GHIDRA is a powerful static software analysis tool similar to IDA Pro or Binary Ninja, tools used primarily for analyzing compiled code. It supports multiple architectures to include Motorola 68000, the processor used by the SEGA Genesis console. GHIDRA takes a IL approach by transforming native code into P-code, the tools intermediate representation. Much of the analysis is done on the IL, allowing the majority of its core features (to include the decompiler and integrated assembler) to work across the 20+ supported architectures. There are way to many great features to cover in a blog post, and I’m still learning myself. If you haven’t already, I encourage you to start with ghidra.re to learn the basics.

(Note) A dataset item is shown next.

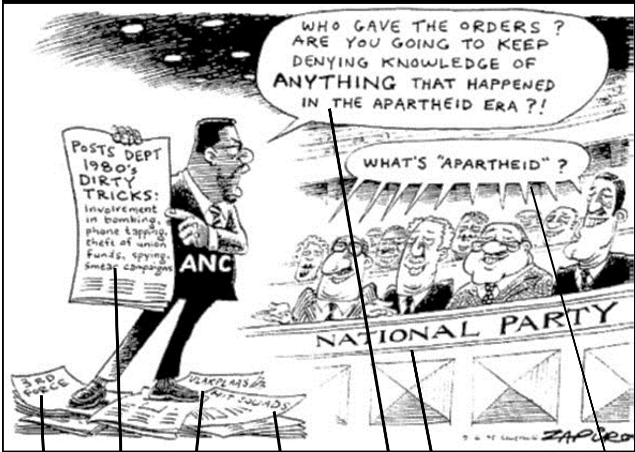
[Uit Sowetan, 9 Junie 1995]

*Zapiro – 'n Welbekende Suid-Afrikaanse spotprentjie-tekenaar

Loading a SEGA Genesis ROM

To get started, create a project and import a SEGA Genesis ROM binary. You will be prompted to provide the language. Select 68000 (the default variant). This is all that is required to load the binary. You should be ready to use the Code Browser. To do so, drag the binary over top of the dragon in the tool chest. The ROM will open in the Code Browser, and you will be asked if you want to run initial analysis on the binary. Click no. Because you are loading a flat file, initial analysis will not work correctly without telling GHIDRA more information on the file format. You have two options, do everything manually or download my loader script into your ghidra_scripts folder and run it with the script manager. The loader script will setup the vector table and ROM header before kicking off initial disassembly starting at the functions with entries in the vector table.

Patching the ROM

Now that the ROM has been loaded and initial analysis has been ran, we can analyze our ROM and modify instructions. In this blog post I’ll demonstrate a simple patch in Sonic The Hedgehog to jump to the end of the game. For clarity, I’ve labeled the MainGameLoop and the call targets for each game mode in the jump table. To branch to the end of the game let’s modify the branch instruction to the normal level game mode (GM_Level) to branch to GM_Ending, instead. To edit a instruction, simply click on the instruction and type Ctrl+Shift+G. Type a new M68K instruction and hit Enter. GHIDRA even has tab completion!

Checksum Fixup

Sonic, like most SEGA games, calculates the ROM checksum at runtime. Therefore, if you export the patched binary and try to run it in an emulator without fixing the checksum, it won’t run. Instead, you get a red screen. This leads me to my second GHIDRA script. A script that calculates and fixes the ROM checksum. Simply download the script into your ghidra_scripts directory and run it with the Script Manager. After calculating the new checksum, export the binary by hitting O and save it to a file. Then, load the patched ROM into your favorite emulator to be underwhelmed.